Retype exactly what runs from the first line of the data to the line with "安土桃山文化を代表する建築物", keeping both of those lines and skipping pictures.

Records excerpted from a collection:

################

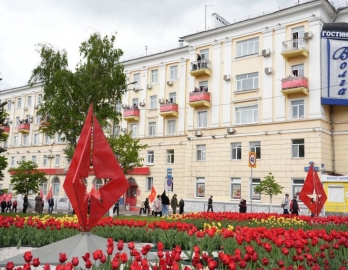 На спуске к Вечному огню на площади 30-летия Победы установят пять вазонов в форме звёзд, топиарные фигуры из искусственного газона и флаговые конструкции в виде шаров, на месте «цветочных часов» – инсталляцию «Звезда из ух частей», а на бульварной части улицы Гончарова – инсталляцию «Огонь Победы».
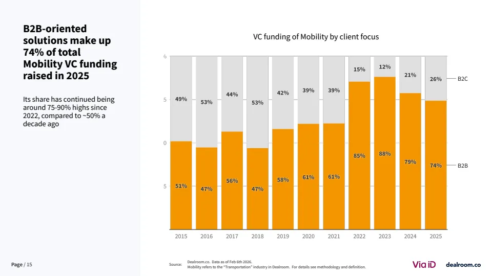 从行业结构看,B2B模式占据主导地位。2025年面向企业的解决方案占融资总额的74%,较十年前约50%的水平显著提升 。同时,轻资产与数字化模式占比稳定在50%,而深科技硬件占比从2023年的41%下降至25%。这表明资本更青睐可扩展、回报周期更短的商业模式,而对重资产制造环节趋于谨慎。
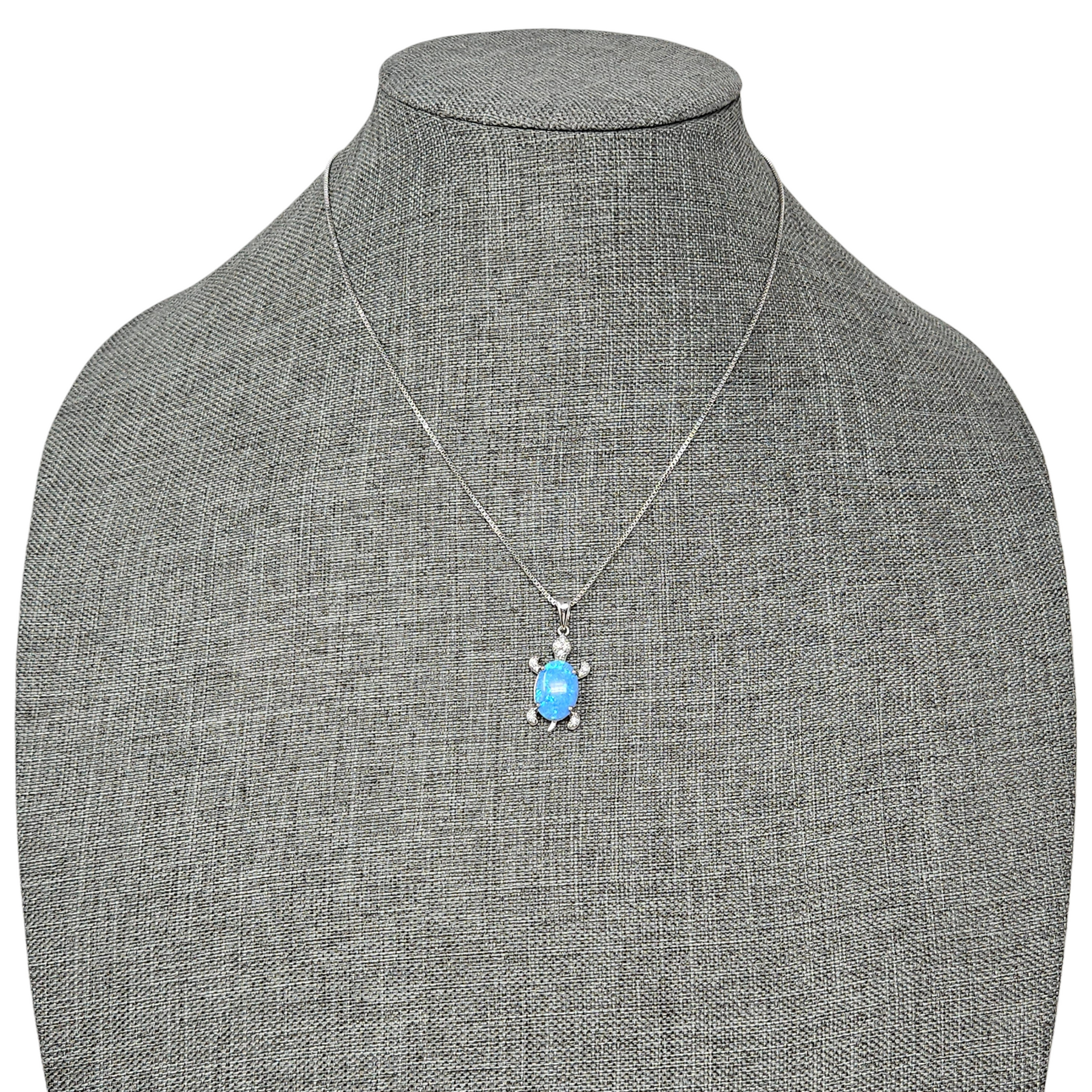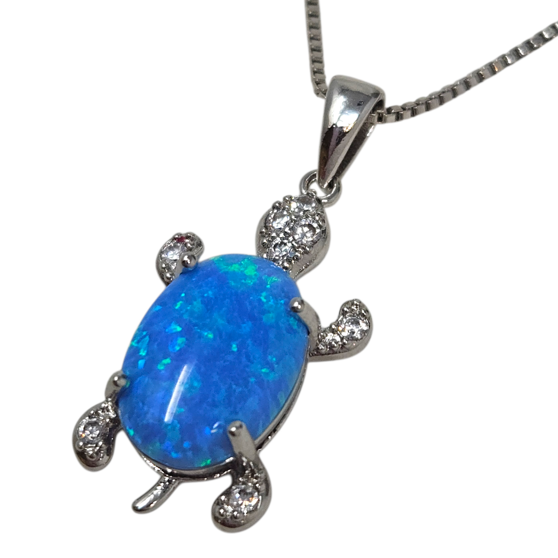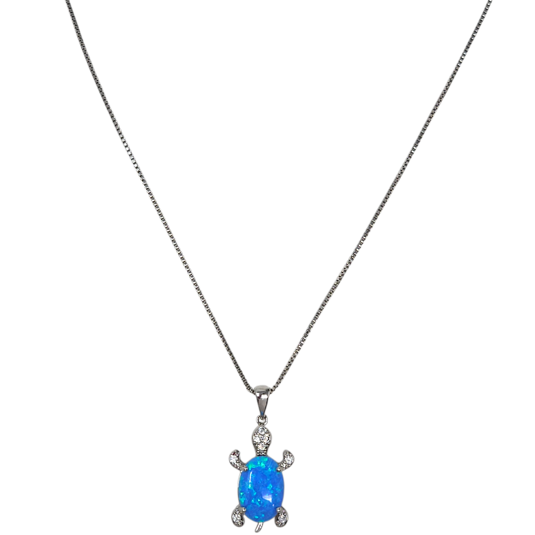 Materials: Silver-plated brass with an iridescent-blue lab-created opal turtle pendant, with cubic zironcia accents.
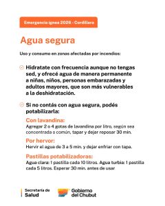 La Secretaría de Salud del Chubut detalló una serie de medidas de protección ante la presencia de humo, recaudos para el consumo de agua segura y consejos para cuidar la salud mental.
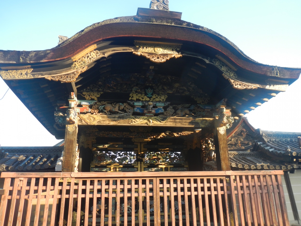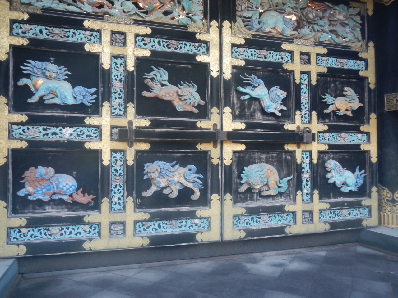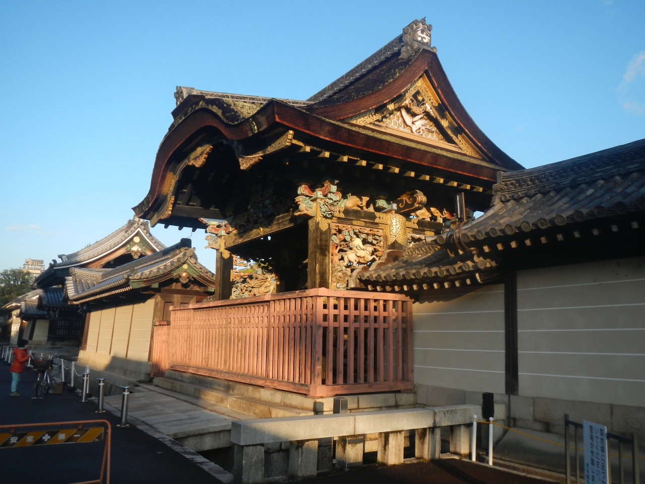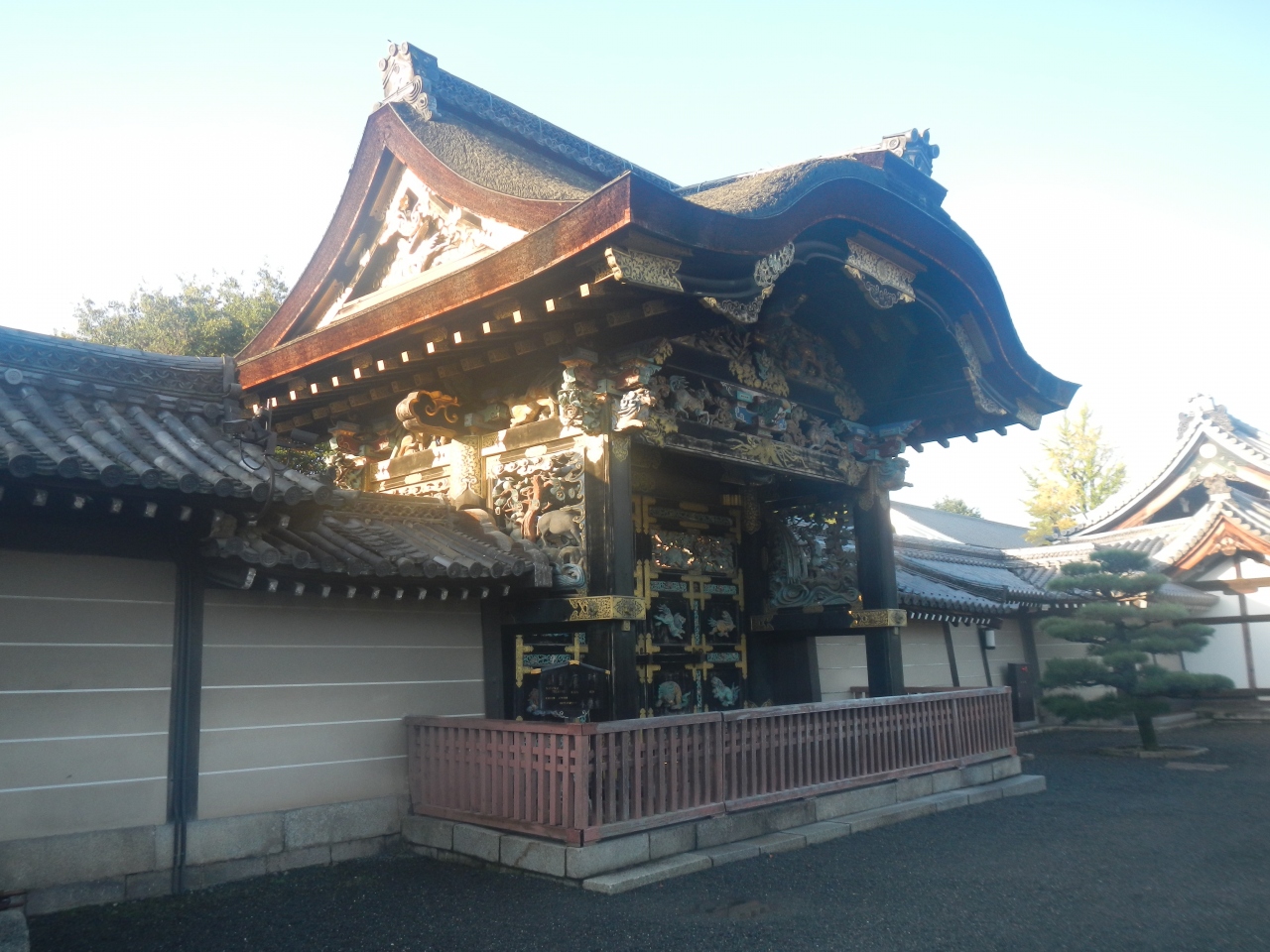 安土桃山文化を代表する建築物。細部まで施された彫刻が素晴らしい。豪華絢爛という言葉が当てはまる。まずは外側から唐門全体を眺める。次に御影堂門から境内に入り、唐門を内側から眺める。門の扉の彫刻は唐獅子だろう。(外側の扉にも彫刻があるが、柵が高く見ずらい)
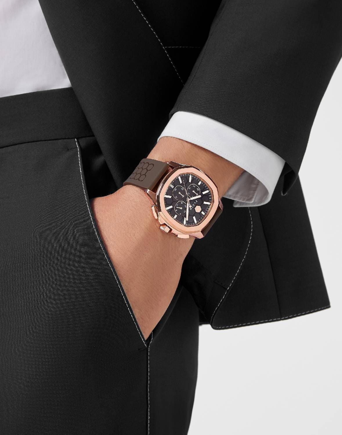 Яркие мужские часы-хронографХронографФункция позволяет измерять отрезки времени с особой точностью: часы, минуты, секунды. Верным признаком хронографа является наличие на циферблате 3 дополнительных окошек-счётчиков. с секундомеромСекундомерСекундоме́р — прибор, способный измерять интервалы времени с точностью до долей секунды. Philipp Plein PWSAA0523, кварцевый механизм с высокой точностью. Класс водозащиты: 50 метров, позволит защитить корпус от случайных брызг или капель дождя. Корпус часов изготовлен из стали с IP-покрытиемIP-покрытиеМетод ионного напыления. Демонстрирует повышенную устойчивость к истиранию, окислению и химическим веществам. Под воздействием высокого давления и температуры около 1500°C молекулы металла надёжно соединяются с частицами корпуса часов.. Стрелки и метки с люминесцентным покрытиемЛюминесцентное покрытиеПозволяет считывать показания времени в темноте. Производители наносят на стрелки, часовые индексы, безель или поверхность циферблата светонакопительный состав, дающий холодное свечение..
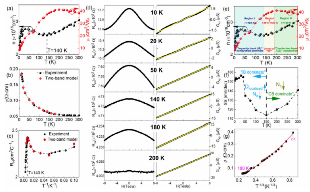 图3β-Ga2O3薄膜在不同温度下的电学特性:(a)载流子浓度n和迁移率μ,其中n在140K出现最小值;(b)电阻率ρ和(c)霍尔系数RH,红菱形标记为双带模型计算结果与实验数据精确吻合;(d)Rxx(H)曲线显示T≤180K时出现核磁共振(NMR)信号,表明杂质带(IB)存在,且Gxy(H)的双带模型拟合良好(黄色实线);(e)β-Ga2O3薄膜及FinFET器件中划分的三个温度区间导电机制总结;(f)亚阈值摆幅(SS)异常行为的解释,归因于T
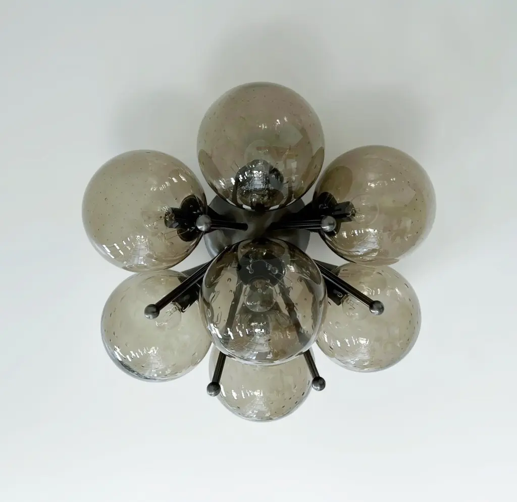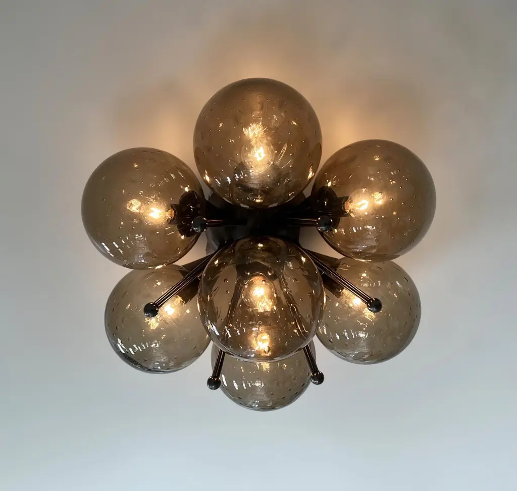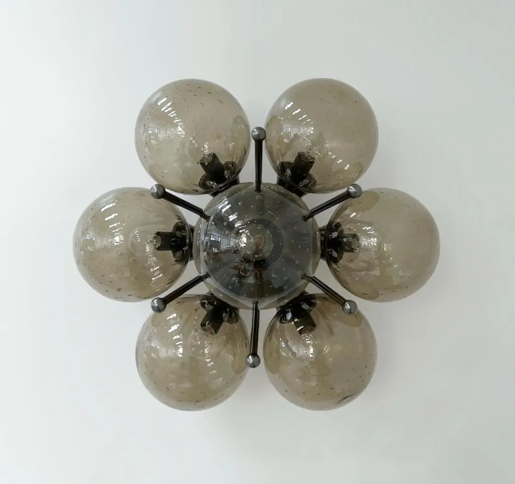 Italian flush mount with Murano glass globes mounted on solid brass frameDesigned by Fabio Bergomi / Made in Italy7 lights / E12 or E14 type / max 40W eachDiameter: 22 inches / Height: 11 inchesOrder only / This item ships from ItalyOrder Reference #: FABIOLTD SAKURAThe listed price applies to the following finishes : Bronzed, Polished Chrome, Satin Chrome, Polished Nickel, Satin Nickel, Polished Black Nickel, Satin Black Nickel, Polished Copper, Satin CopperOther finishes available : Unlacquered Natural Brass, Unlacquered Polished Brass, Lacquered Polished Brass, Lacquered Satin Brass

################

Written reply =
 На спуске к Вечному огню на площади 30-летия Победы установят пять вазонов в форме звёзд, топиарные фигуры из искусственного газона и флаговые конструкции в виде шаров, на месте «цветочных часов» – инсталляцию «Звезда из ух частей», а на бульварной части улицы Гончарова – инсталляцию «Огонь Победы».
 从行业结构看,B2B模式占据主导地位。2025年面向企业的解决方案占融资总额的74%,较十年前约50%的水平显著提升 。同时,轻资产与数字化模式占比稳定在50%,而深科技硬件占比从2023年的41%下降至25%。这表明资本更青睐可扩展、回报周期更短的商业模式,而对重资产制造环节趋于谨慎。
 Materials: Silver-plated brass with an iridescent-blue lab-created opal turtle pendant, with cubic zironcia accents.
 La Secretaría de Salud del Chubut detalló una serie de medidas de protección ante la presencia de humo, recaudos para el consumo de agua segura y consejos para cuidar la salud mental.
 安土桃山文化を代表する建築物。細部まで施された彫刻が素晴らしい。豪華絢爛という言葉が当てはまる。まずは外側から唐門全体を眺める。次に御影堂門から境内に入り、唐門を内側から眺める。門の扉の彫刻は唐獅子だろう。(外側の扉にも彫刻があるが、柵が高く見ずらい)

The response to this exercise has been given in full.